Problem statement: Below, some lines carry pictures; leave those pictures out and retype exactly the lines from the one with "The New European New" through the one with "TÜRK TİCARET KANUNU".

=== Data records ===

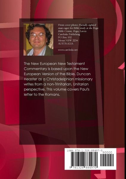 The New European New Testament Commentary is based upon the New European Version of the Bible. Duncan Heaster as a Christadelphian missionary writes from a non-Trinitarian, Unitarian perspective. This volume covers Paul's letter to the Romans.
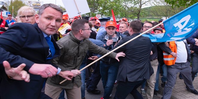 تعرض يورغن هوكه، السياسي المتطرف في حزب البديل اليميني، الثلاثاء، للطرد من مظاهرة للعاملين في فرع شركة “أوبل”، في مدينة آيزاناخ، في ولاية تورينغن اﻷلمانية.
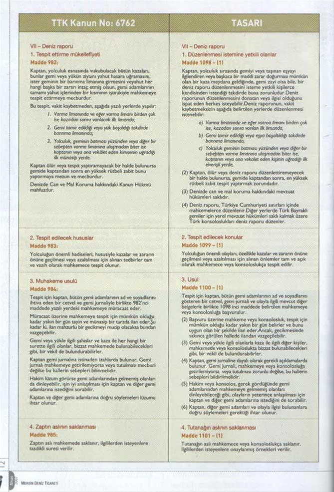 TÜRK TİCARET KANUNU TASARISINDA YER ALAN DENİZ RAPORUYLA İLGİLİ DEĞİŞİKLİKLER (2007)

===
=== Data records ===

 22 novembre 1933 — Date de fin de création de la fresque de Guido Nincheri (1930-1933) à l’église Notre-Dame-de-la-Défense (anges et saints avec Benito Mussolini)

===
=== Data records ===

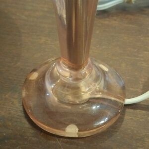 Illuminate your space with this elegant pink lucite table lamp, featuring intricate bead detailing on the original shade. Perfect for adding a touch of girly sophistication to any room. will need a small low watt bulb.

===

Final answer:
 The New European New Testament Commentary is based upon the New European Version of the Bible. Duncan Heaster as a Christadelphian missionary writes from a non-Trinitarian, Unitarian perspective. This volume covers Paul's letter to the Romans.
 تعرض يورغن هوكه، السياسي المتطرف في حزب البديل اليميني، الثلاثاء، للطرد من مظاهرة للعاملين في فرع شركة “أوبل”، في مدينة آيزاناخ، في ولاية تورينغن اﻷلمانية.
 TÜRK TİCARET KANUNU TASARISINDA YER ALAN DENİZ RAPORUYLA İLGİLİ DEĞİŞİKLİKLER (2007)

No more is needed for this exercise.